Is the Stock Market Truly Overvalued Right Now?
Many investors are asking whether stocks, especially AI and tech names, have once again become overvalued in 2026.
My answer: it depends on your definition of “overvalued.”
Take NVIDIA. While it trades at elevated levels, its P/E multiple is actually lower than Costco’s or Walmart’s. The market isn’t pricing today’s numbers — it’s pricing tomorrow’s expected AI growth.
The AI Infrastructure Boom
AI is no longer a future story. It is already one of the market’s dominant themes.
The bigger questions now are execution-focused:
- Will hyperscalers actually commit the trillions being discussed for AI infrastructure?
- Can enough data centers get built despite regulatory and local resistance?
- Will long-term contracts and spending commitments hold up?
As long as expectations for future AI spending remain strong, related stocks could continue to benefit.
Lessons From Previous Tech Revolutions
We’ve seen similar skepticism before.
When Google and Facebook first went public, many investors called their valuations absurd. Facebook fell sharply after its IPO, yet long-term skeptics were ultimately proven wrong.
Even Warren Buffett has acknowledged that he largely missed the internet boom.
I believe AI could represent a similar shift, where stocks that appear expensive today may simply be early in a much larger trend.
Why Charts and Price Action Still Matter
Fundamentals matter because they attract institutional money. But retail traders who try to invest exactly like massive hedge funds often struggle.
My core advice is simple: combine fundamentals with charts.
Stocks move on future expectations, not current reality. Strong news that fails to push a stock higher can often signal that momentum is weakening beneath the surface.
Hut 8 (HUT): Why the Stock Rose After Weak Earnings
Hut 8 recently reported disappointing earnings and revenue numbers, yet the stock surged anyway.
Why?
The market appears to be revaluing Hut 8 as more than just a Bitcoin miner. Investors are increasingly viewing it as part of the broader AI infrastructure and data center buildout story. Heavy short interest also likely contributed to the sharp move higher.
The lesson is important: price action and market expectations often matter more than headlines alone.

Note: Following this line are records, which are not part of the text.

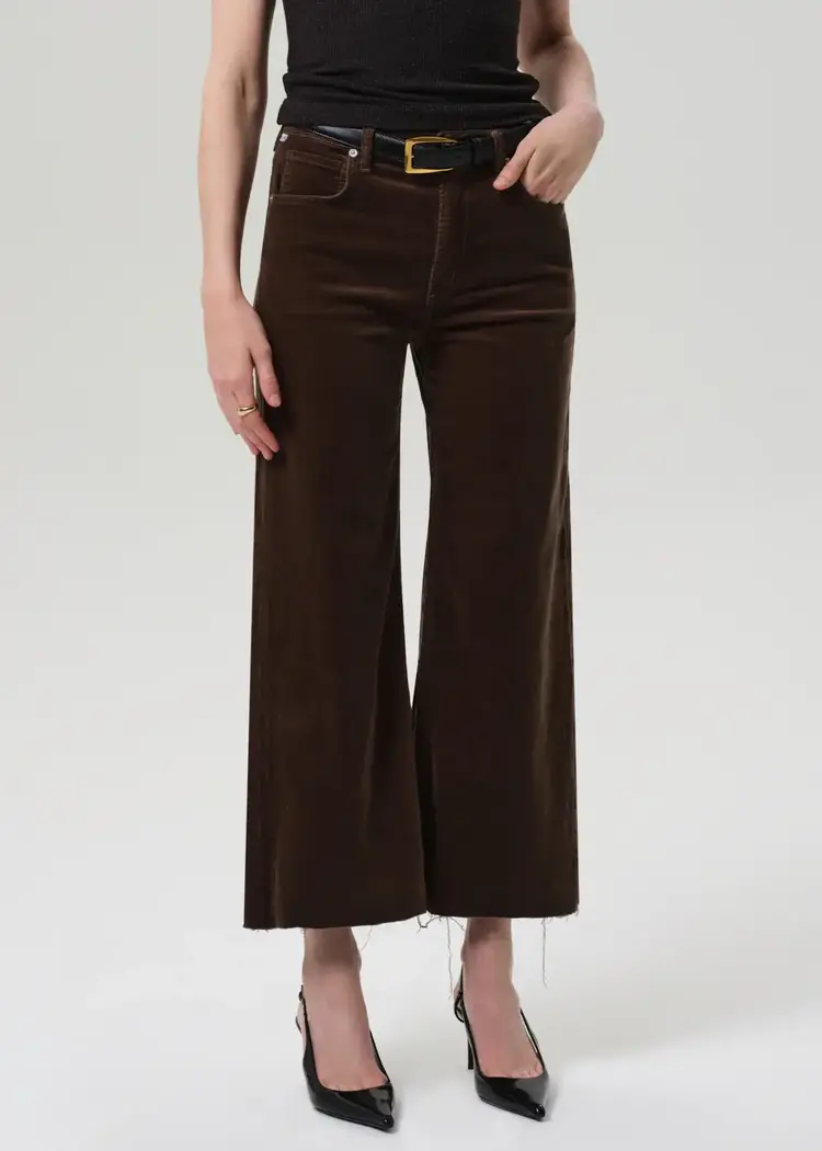 • The Lyra is a vintage-inspired wide leg that sits high on the waist with a relaxed top block and cropped inseam for a modern, voluminous silhouette.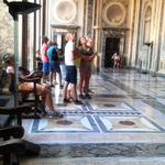 Átsétálunk a Ponte Sistón, a Via Pettinarin van egy szicíliai kávéház, szép régi berendezéssel, kedves eladókkal. A vitrinben finom sütik, cannolik minden ízben, az árak barátiak, a presszó kávé 90 cent, ha asztalnál fogyasztod akkor is. Az ajtón matricák jelzik a sok elismerést, különféle díjakat. A Giubbonarin betérünk egy-két üzletbe, végül megálljuk vásárlás nélkül. A Venezián buszra szállunk, ellenőrök állnak mellettünk egyenruhában, de senkitől nem kérik a jegyeket ( nekünk persze bérletünk van ) a későbbi megállóknál jókat mulatunk, többen meggondolják magukat a felszállók közül, mikor meglátják az ellenőröket. A Repubblicán szállunk le, Diocletianus termáihoz megyünk, a Santa Maria dei Angeli e dei Martiri templomot a valamikori frigidarium helyén, annak falait felhasználva építették, Michelangelo tervei szerint. A templomban Galilei ingája a legnépszerűbb a látogatók körében.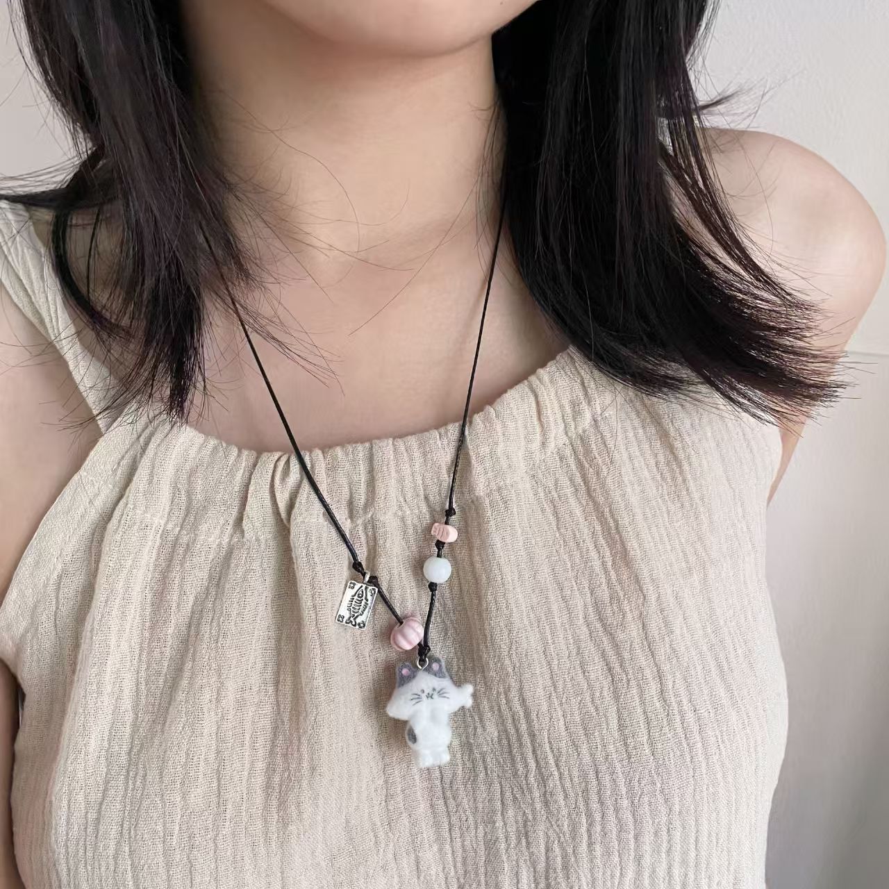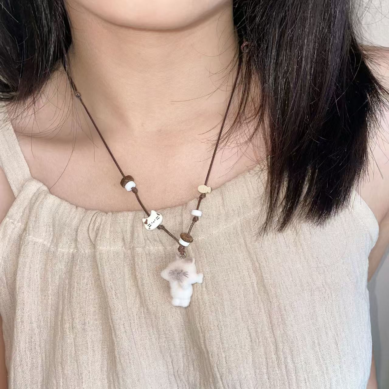 만화 귀여운 작은 동물 직물 어린이 목걸이 어린이 재미 올 매치 가을과 겨울 달콤한 체인 가죽 로프 펜던트스토어 가기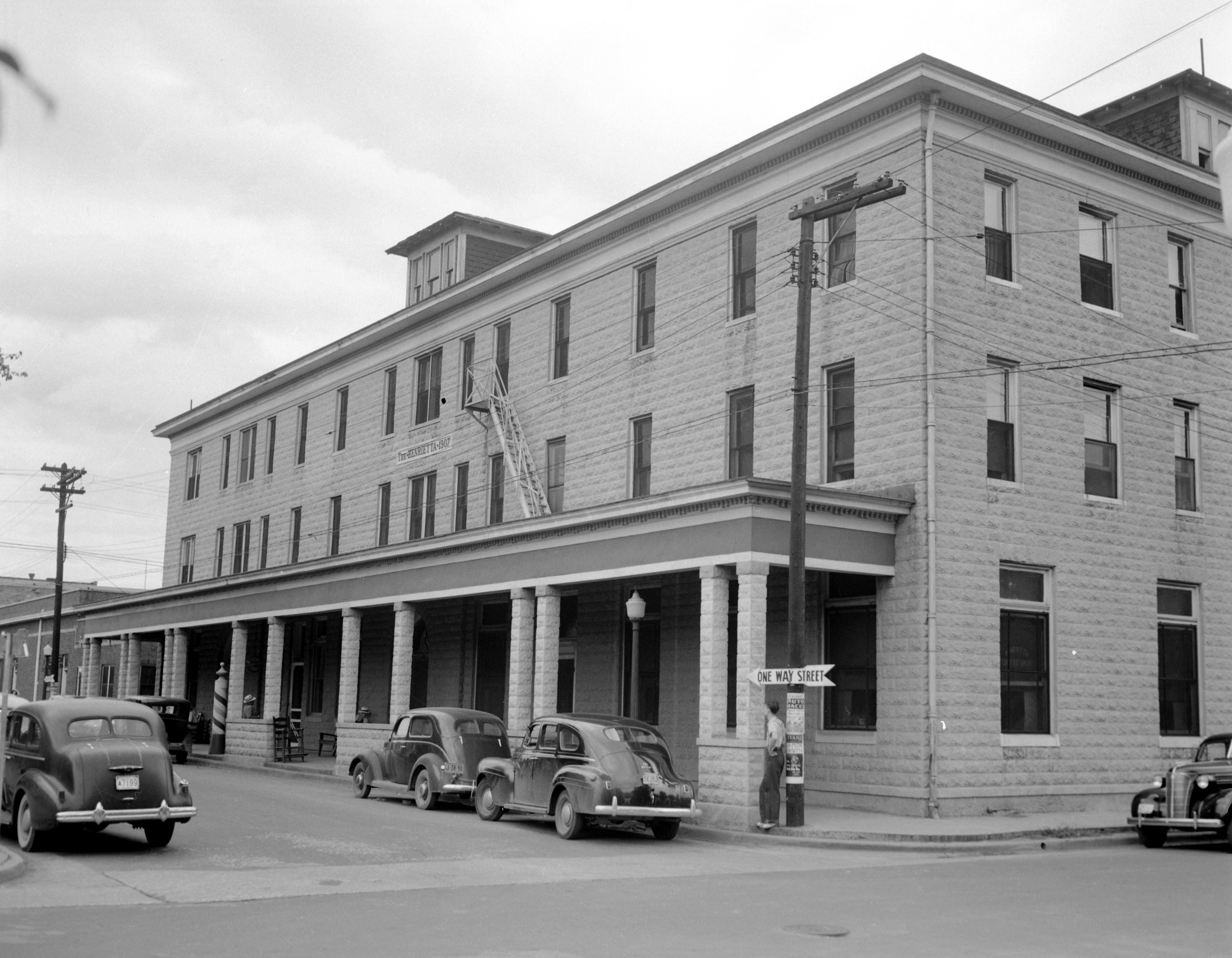 Henrietta building, built in 1907, with a barber shop on the ground floor. This apparently was a hotel.

Risk First: The #1 Rule for Volatile Markets
Whether you’re trading Microsoft or a high-volatility AI stock, the most important lesson remains simple:
- Decide your risk before entering the trade
- Set your stop-loss level ahead of time
- Raise stops as positions move in your favor
This process-driven approach turns even losing trades into productive ones because the trade was managed correctly.
Key Takeaways
- The 2026 market is trading heavily on future AI expectations
- Stocks like NVIDIA may not be as overvalued as they initially appear
- Charts and price action often reveal important information before headlines do
- Risk management matters more than prediction
- Major technological shifts can distort traditional valuation metrics for extended periods
Frequently Asked Questions
Is the stock market in a bubble in 2026?
Not necessarily. I view the current market as potentially being in the early-to-middle stages of a major AI-driven transformation rather than a classic bubble.
Should investors buy NVIDIA right now?
I remain bullish on NVIDIA and the broader AI infrastructure trend.
What is the best way to approach volatile AI stocks?
Start with risk management. Define your maximum loss before entering the trade, use stop-losses, and adjust them as the trade moves in your favor.